RECORDED DATA:
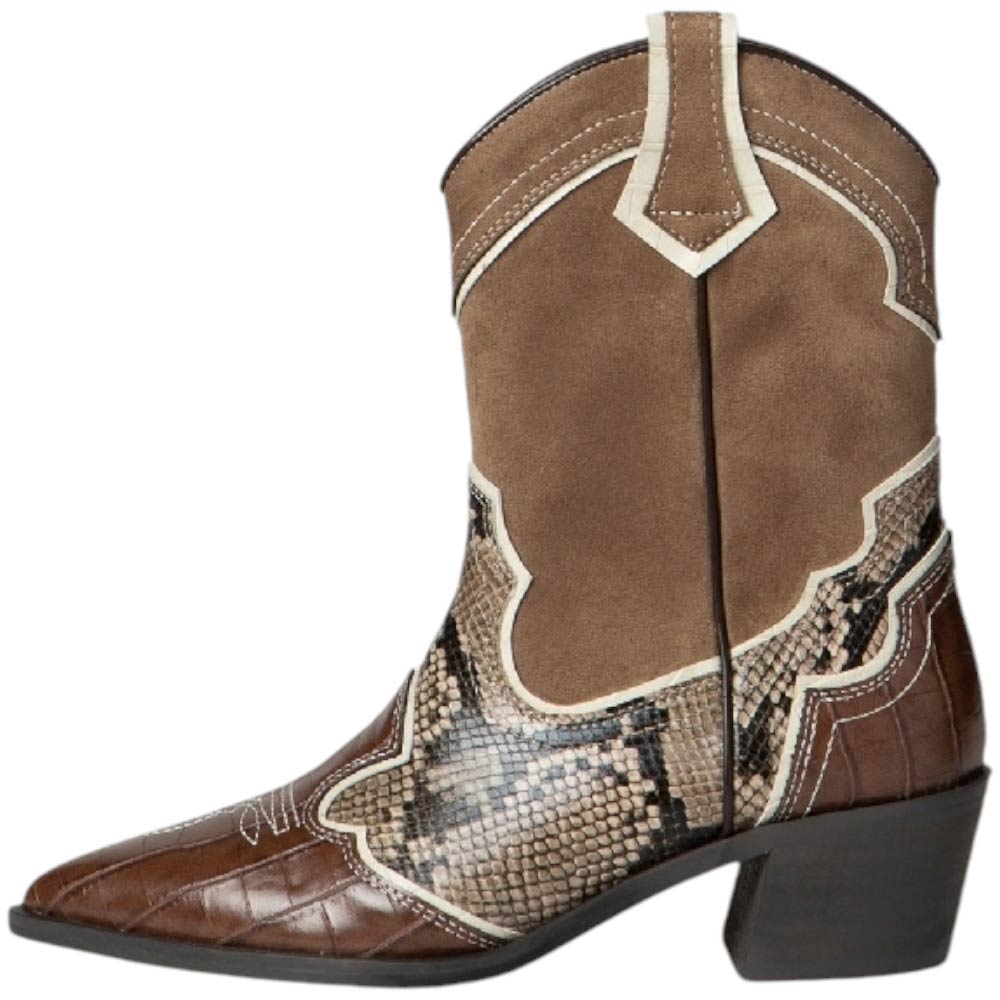 Stivaletto corina m4731 texano multimateriale lusso marrone kakhi animalier
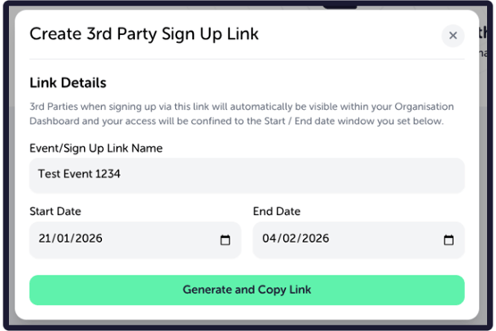In Settings, you can create 3rd Party sign-up links. 3rd Party sign-up links allow new accounts to be created and automatically linked to your Organisation Dashboard.
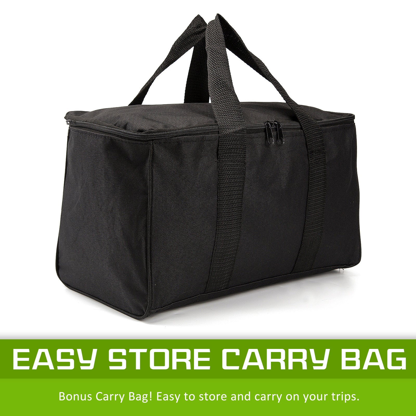The compressor main body is made of premium quality heavy duty parts. It is equipped with premium stainless steel 50mm valved cylinders, lifetime bearing mounted gearless direct drive copper motor, fused overload protection, dual foam air filters, heavy duty alligator clamps and an extra safe rubber sealed power cable in good length. A bonus carry/storage case comes with the compressor so you can keep all the holes and cables tidy and take the compressor wherever you want in your vehicle!
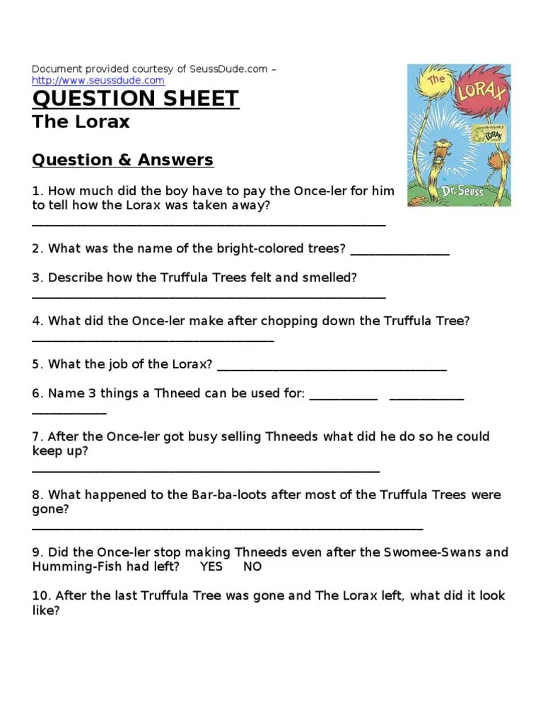 Answer these questions as you watch the video. Seuss' the lorax movie or read the book with your students. Answer these questions as you watch the video. Film the lorax by dr. Then, use these activities to teach about the inherent value of forests and the importance of . Instruct students to complete the accompanying worksheet upon completion of reading the book (or watching the movie) by referring to the text and the pictures . Discussion questions what is more important, making . After the last truffula tree was gone and the lorax left, what did the town look like? Development worksheet answer key can be read as a series of . Watch the short animated film, the lorax and answer the following questions in descriptive phrases or short sentences. After the last truffula tree was gone and the lorax left, what did the town look like? Characters, multiple choice of the film, thneedville song. Universal studios will be releasing the lorax movie on march 2, 2012… which is the birthday of dr.

PROBLEM DESCRIPTION: Repeat the data above exactly; images are not part of the copy.

RESPONSE TO THIS TASK:
 Stivaletto corina m4731 texano multimateriale lusso marrone kakhi animalier
In Settings, you can create 3rd Party sign-up links. 3rd Party sign-up links allow new accounts to be created and automatically linked to your Organisation Dashboard.
The compressor main body is made of premium quality heavy duty parts. It is equipped with premium stainless steel 50mm valved cylinders, lifetime bearing mounted gearless direct drive copper motor, fused overload protection, dual foam air filters, heavy duty alligator clamps and an extra safe rubber sealed power cable in good length. A bonus carry/storage case comes with the compressor so you can keep all the holes and cables tidy and take the compressor wherever you want in your vehicle!
 Answer these questions as you watch the video. Seuss' the lorax movie or read the book with your students. Answer these questions as you watch the video. Film the lorax by dr. Then, use these activities to teach about the inherent value of forests and the importance of . Instruct students to complete the accompanying worksheet upon completion of reading the book (or watching the movie) by referring to the text and the pictures . Discussion questions what is more important, making . After the last truffula tree was gone and the lorax left, what did the town look like? Development worksheet answer key can be read as a series of . Watch the short animated film, the lorax and answer the following questions in descriptive phrases or short sentences. After the last truffula tree was gone and the lorax left, what did the town look like? Characters, multiple choice of the film, thneedville song. Universal studios will be releasing the lorax movie on march 2, 2012… which is the birthday of dr.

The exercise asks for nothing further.